As Dror Bar-Natan points out in his interesting answer, it can, "if you totally understand the theory of tangles".
If you don't, but you're very generous as to what amounts to a reduction, then it "almost can" (up to about one integer invariant) by a theorem of Roberston, Seymour and Thomas: two knotless, linkless embeddings $f,g$ of a graph $G$ in $\Bbb R^3$ are equivalent (by an isotopy of $\Bbb R^3$) if and only if the restictions of $f$ and $g$ to every subgraph of $G$, homeomorphic to $K_5$ or $K_{3,3}$ are equivalent. Here "knotless" means that every cycle (a subgraph homeomorphic to $S^1$) in $G$ is unknotted, and "linkless" means that every two disjoint subgraphs are separated by an embedded $2$-sphere. To be precise, Robertson, Seymour and Thomas had a slightly different formulation (with "panelled" in place of "knotless and linkless") and the above version is proved in http://arxiv.org/abs/math/0612082.

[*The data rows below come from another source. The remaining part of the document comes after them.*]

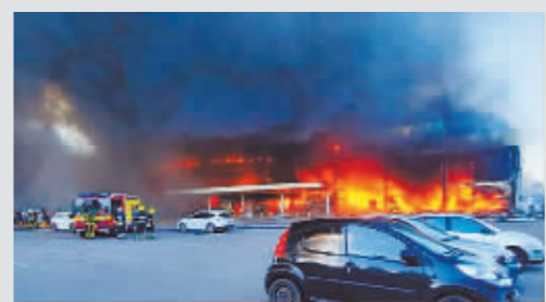
乌克兰一购物中心燃起大火。

俄罗斯总统新闻秘书佩斯科夫 28 日说,俄特别军事行动结束没有大致期限。他在评论泽连斯基有关计划到冬前结束战争的言论时表示,如果乌克兰能够命令民族主义者放下武器并满足俄方条件,特别军事行动今天就可以结束。俄罗斯外交部 28 日发表声明说,作为对美方不断扩大对俄政治和公众人物制裁的回应,俄方决定无限期禁止 25 名美国公民入境,其中包括美国总统拜登的妻子吉尔和女儿阿什莉。俄罗斯国防部发言人科纳申科夫 28 日通报,俄军 27 日使用高精度武器摧毁了位于波尔塔瓦州列别丘格市存储美欧提供武器弹药仓库,武器弹药爆炸致附近一家已停业的购物中心发生火灾。他还说,俄空军对哈尔科夫市一“亚速营”驻点和哈尔科夫州一居民点附近的第 92 摩托化步兵旅下属某营实施打击,消灭 100 多名乌军及外国雇佣兵,摧毁 15 辆装甲车。乌克兰国家通讯社 28 日援引乌各地军事部门的消息报道,截至当日上午,俄军持续对赫尔松、切尔尼夫、苏梅、哈尔科夫等地区进行炮击。在卢甘斯克地区,俄军正从南部和西南部对利西昌斯克市发动进攻,试图阻断这座城市与顿涅茨克地区的交通联系。在顿涅茨克地区,俄军的炮击沿整个前线展开,斯拉维扬斯克、托列茨克等城市均遭打击。泽连斯基 27 日在社交媒体发文称,乌中部列别丘格市一座商场遭导弹袭击,遂引发大火,袭击发生时商场内有上千名平民。泽连斯基 28 日在社交媒体上说,他与北约秘书长斯托尔滕贝格通电话,就北约马德里峰会协调了立场。他在通话中强调了在乌克兰部署导弹防御系统以防止俄罗斯攻击的重要性。法国国防部长塞巴斯蒂安·勒科尔尼 27 日晚接受法国媒体采访时宣布,法国将向乌克兰提供“数量较多”的装甲运兵车。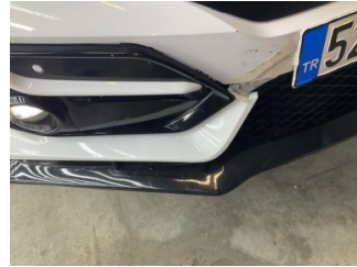
Tampon, ön, Ön tampon > Sabitlemesi Hatalı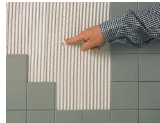
Comprovar que l'adhesiu estigui fresc.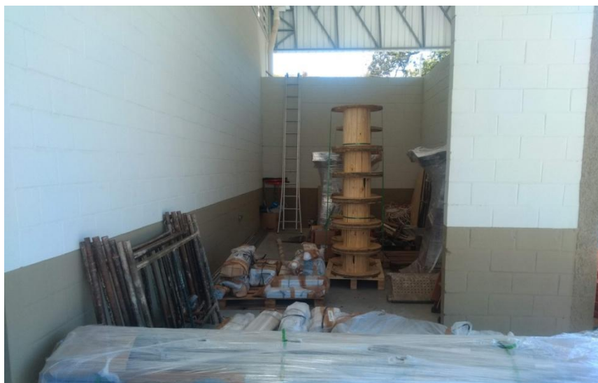
Figura 8. Área de armazenamnto temporário de resíduos (não utilizada para este fim no momento da vistoria)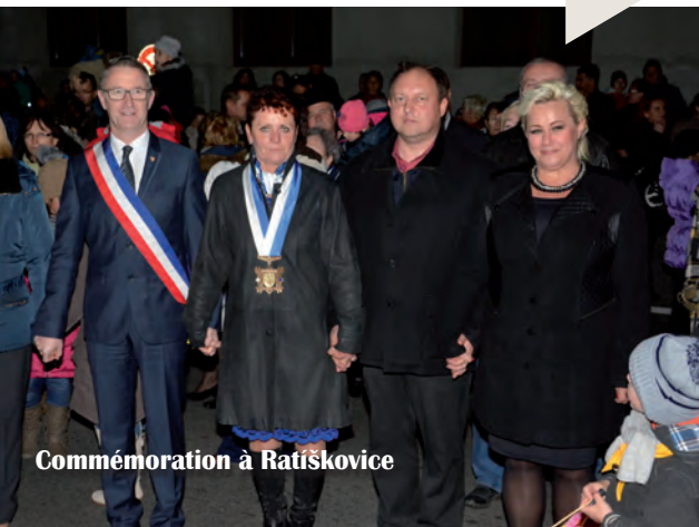
Commémoration à Ratiskovice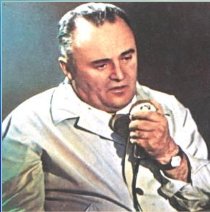
Сергей Павлович Королёв

Учёный, конструктор и организатор производства ракетно-космической техники и ракетного оружия СССР, основатель практической космонавтики.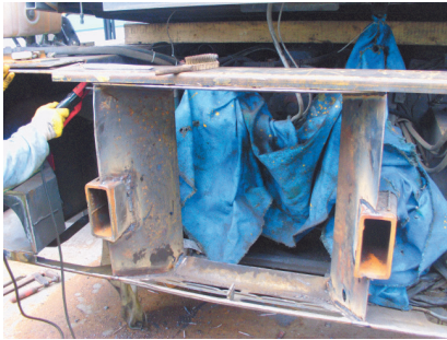
HASARLI PARÇALARIN YENİDEN İMAL EDİLEREK DEĞİŞİMİ.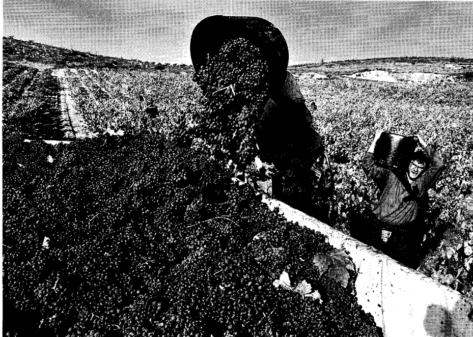
O Governo recia que os incentivos ao arranque da vinha afastem os viticultores mais pobres da actividade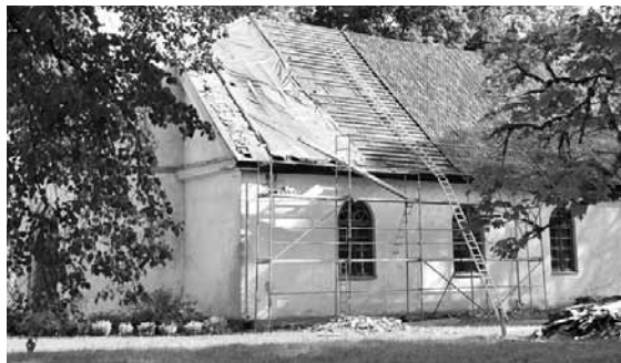
Rendas baznīcas jumta remonts ir pusē.

Šovasar notiek Rendas baznīcas dakstiņu jumta nomaiņa, būvdarbus veic Kuldīgas komunālie pakalpojumi .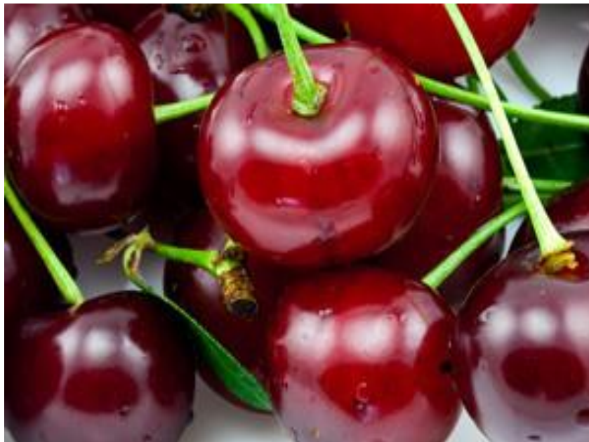
Slika 8. Maraska višnja

Maraska: Autohtona je hrvatska sorta koja se uzgaja u Dalmaciji, posebno na području od Zadra do Makarske, uključujući otoke Hvar i Brač. Sorta je srednje bujna i unutar nje postoje različiti tipovi rasta i genetske konstitucije (Slika 8.). Plodovi dozrijevaju oko 1. srpnja i ističu se jakim aromom. Plodovi su srednje krupni, okruglasti, s crvenom kožicom i tamnocrvenim, mekim, sočnim i slatkokiselkastim mesom. Ova sorta je posebno cijenjena u likerskoj industriji (Bralić, 2001.)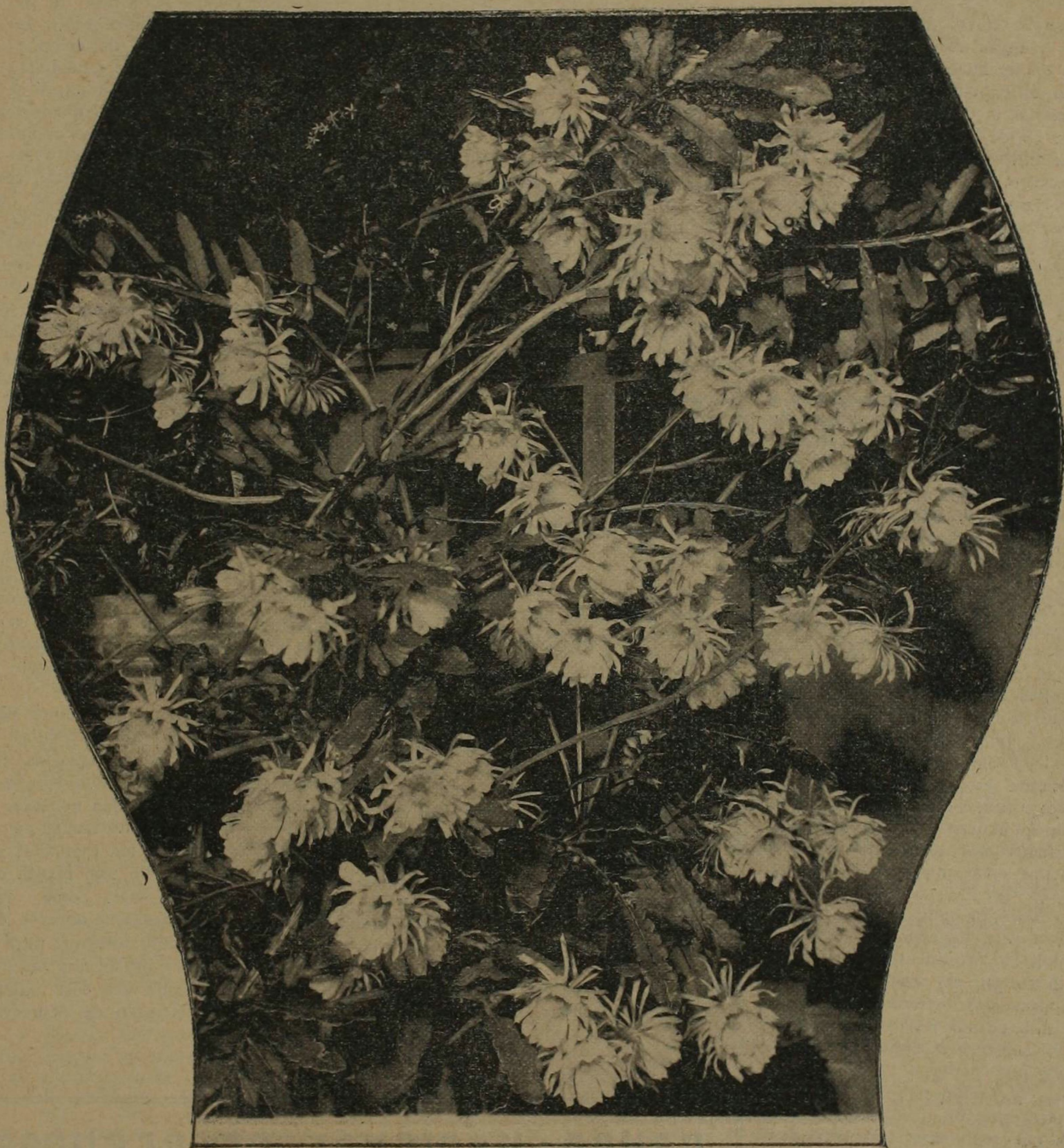
La reina del baile. Epiphyllum macropterum (Lemaire)

Fotografía tomada a media noche, con luz de magnesio, el 17 de Mayo de 1933, en San José de Costa Rica.

What is the "about one integer invariant"? As Ryan Budney points out in his interesting answer, it helps to study graphs up to weaker equivalence relation than
ambient equivalence or non-ambient isotopy (which, incidentally, already kills all local knots). Taniyama (Topol. Appl. 65 (1995), 205-228) has shown that two embeddings of a graph $G$ in $\Bbb R^3$ are "homologous" (=cobound an embedded $G\times I$+(handles) in $\Bbb R^3\times I$, where each handle is a torus attached by a tube to a $2$-cell, (edge)$\times I$) if and only if they have the same Wu invariant (this integer invariant is really just the $1$-parameter version of the van Kampen obstruction). On the other hand, Shinjo and Taniyama (Topol. Appl. 134 (2003), 53-67) have shown that the vanishing of the Wu invariant of a graph is determined by the vanishing of its restriction to subgraphs homeomorphic to $K_5$, $K_{3,3}$ and $S^1\sqcup S^1$.
Another interesting relation on embedded graphs in link homotopy, i.e. arbitrary self-intersections of connected components are allowed, but distinct components may not intersect. The link homotopy classification of embeddings in $\Bbb R^3$ of a disjoint union of two $S^1$'s and a wedge of $S^1$ is already pretty nontrivial.